Goal of the exercise: Reproduce the entries word for word but drop every picture.

Stored items:
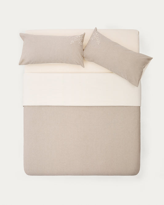 Ensemble Sotela housse de couette et taie d’oreiller à rayures avec broderie 100 % percale de coton beige lit 90 cm
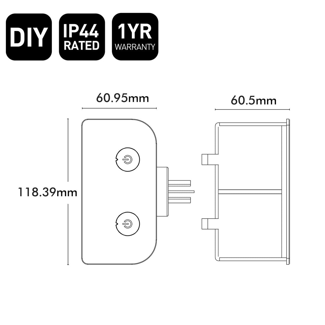 Plug into any 220V-240V AC 50Hz weather-resistant power outlet to control the connected devices manually or through the BrilliantSmart app.
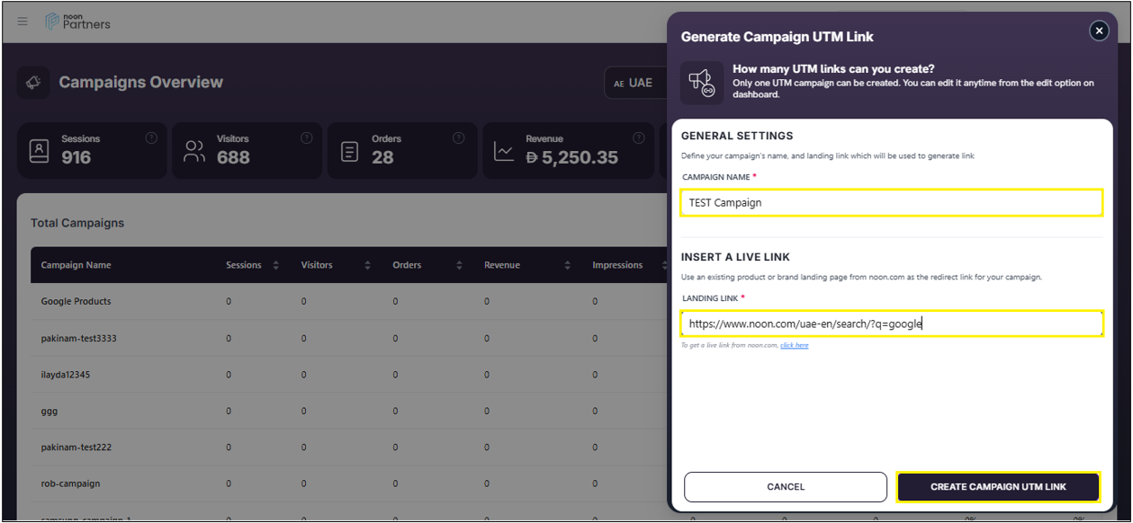 - A pop-up appears on the screen where you need to give a name for the campaign and the link where you want to redirect the traffic. Then click on Create Campaign UTM Link.
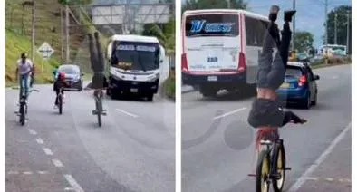 Pues ahora se registra una nueva forma en como los jóvenes arriesgan sus vidas. Como un joven que se encontraba exponiéndose junto a varios compañeros, al bajar por una transcurrida vía con la cabeza en su bicicleta, es decir, el chico se encontraba en posición invertida.
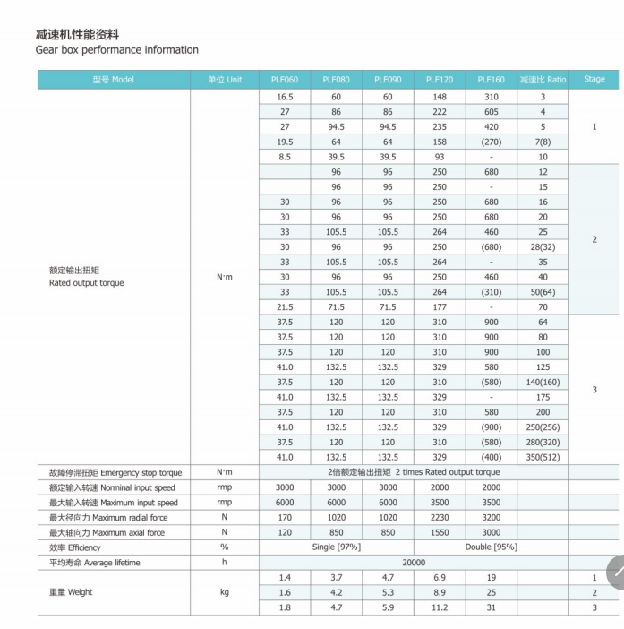 高精度行星減速器PLF系列可選型分別有:60、80、90、120、160
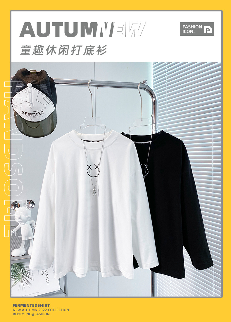 2025년 봄 가을 신상 남아용 레터 프린트 상의, 중대형 남아용 단색 이너웨어, 남아용 긴팔 티셔츠스토어 가기
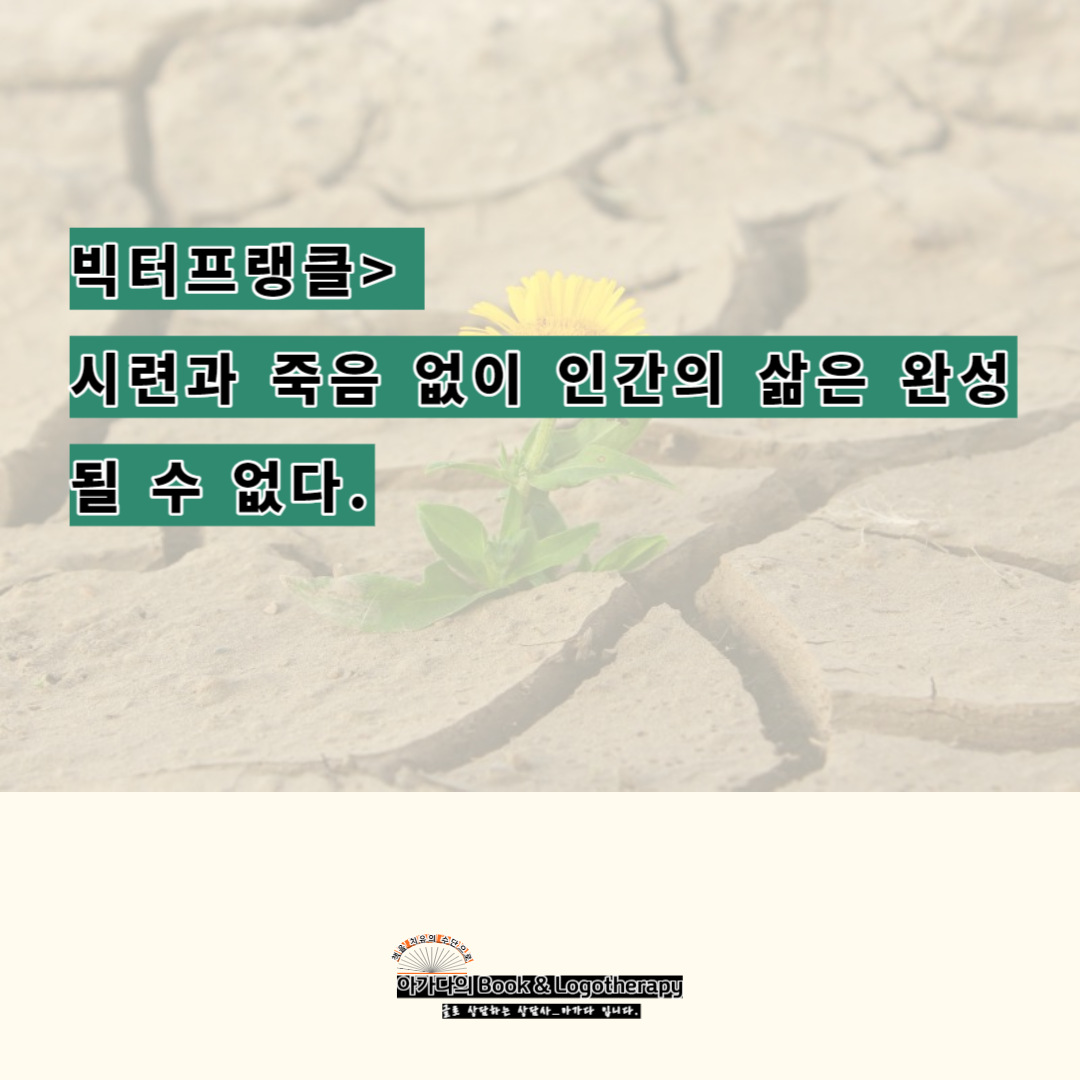 빅터프랭클> 시련과 죽음 없이 인간의 삶은 완성될 수 없다. 사람은 자기 일을 할 수 있는 기회나 혹은 자기 인생을 즐길 수 있는 기회를 박탈당하는 상황에 잘 수 있다. 이것이 시련의 불가피성이다. 이런 시련의 도전을 용감하게 받아들이면 삶은 마지막 순간까지 의미를 갖게 되는 것이며 그 의미는 글자 그대로 죽을 때까지 보존된다. 다시 말해 삶의 의미는 절대적인 것이다. 왜냐하면 그것은 피할 수 없는 시련의 잠재적인 의미까지 포함하고 있기 때문이다.

Written answer:
 Ensemble Sotela housse de couette et taie d’oreiller à rayures avec broderie 100 % percale de coton beige lit 90 cm
 Plug into any 220V-240V AC 50Hz weather-resistant power outlet to control the connected devices manually or through the BrilliantSmart app.
 - A pop-up appears on the screen where you need to give a name for the campaign and the link where you want to redirect the traffic. Then click on Create Campaign UTM Link.
 Pues ahora se registra una nueva forma en como los jóvenes arriesgan sus vidas. Como un joven que se encontraba exponiéndose junto a varios compañeros, al bajar por una transcurrida vía con la cabeza en su bicicleta, es decir, el chico se encontraba en posición invertida.
 高精度行星減速器PLF系列可選型分別有:60、80、90、120、160
 2025년 봄 가을 신상 남아용 레터 프린트 상의, 중대형 남아용 단색 이너웨어, 남아용 긴팔 티셔츠스토어 가기
 빅터프랭클> 시련과 죽음 없이 인간의 삶은 완성될 수 없다. 사람은 자기 일을 할 수 있는 기회나 혹은 자기 인생을 즐길 수 있는 기회를 박탈당하는 상황에 잘 수 있다. 이것이 시련의 불가피성이다. 이런 시련의 도전을 용감하게 받아들이면 삶은 마지막 순간까지 의미를 갖게 되는 것이며 그 의미는 글자 그대로 죽을 때까지 보존된다. 다시 말해 삶의 의미는 절대적인 것이다. 왜냐하면 그것은 피할 수 없는 시련의 잠재적인 의미까지 포함하고 있기 때문이다.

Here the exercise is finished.